Как внедрение DLP на основе генеративного ИИ влияет на организации, использующие инструменты искусственного интеллекта, такие как ChatGPT и Microsoft Copilot?
ChatGPT, Microsoft Copilot и Gemini теперь являются стандартными инструментами для специалистов, работающих с информацией в юридическом, финансовом, инженерном и операционном отделах. Каждое взаимодействие создает потенциальную угрозу безопасности.
77% сотрудников вставляют данные в подсказки GenAI. Данные, передаваемые в ходе этих взаимодействий, включают исходный код, записи о клиентах, финансовые прогнозы и персональные данные. Они передаются как обычный HTTPS-трафик на разрешенные домены. Сетевая защита от утечки данных (DLP) видит одобренное соединение. Защита от утечки данных на конечных устройствах (DLP) рассматривает браузер как единый процесс. Ни одна из систем не видит данные, передаваемые внутри сессии.

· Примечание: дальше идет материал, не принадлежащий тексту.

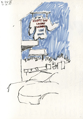 Before using it on the drawing, and really before buying it, I should have paid attention to the specifications and noticed it was neither waterproof nor lightfast. I painted over the pen marks with diluted sumi and noticed the ink running. I thought maybe the ink needed more time to dry so I came back later and tried again. It still ran, and turned a pinkish/purplish color that indicates a dye-based ink that will likely discolor when exposed to light (based on my previous experience with non-lightfast pens).
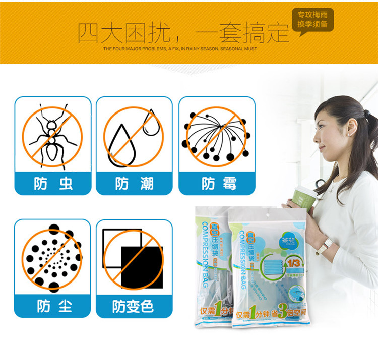 茶花(CHAHUA)茶花收纳袋加厚真空压缩袋棉被子衣服储物袋 【3326】大号100x80cm两枚无气泵

В этом и заключается разрыв.
Последствия для соблюдения нормативных требований очевидны. Команда безопасности, которая не может видеть, что сотрудники отправляют в Copilot, не сможет продемонстрировать аудитору контроль над этим каналом передачи данных. Политика без технического обеспечения не является контролем. Это уязвимость, ожидающая документального подтверждения в отчете о нарушении безопасности.
Какие наиболее распространенные угрозы DLP, связанные с генеративным ИИ, сегодня встречаются в работе групп безопасности?
В корпоративных средах неоднократно выявляются три типа угроз.
Эксфильтрация данных с помощью подсказок ИИ. Сотрудники вставляют конфиденциальные данные в инструменты ИИ, не имея намерения их похищать. Результат тот же: конфиденциальные данные покидают организацию по каналу, который система безопасности не может отслеживать. 89% входов в систему ИИ обходят корпоративный контроль.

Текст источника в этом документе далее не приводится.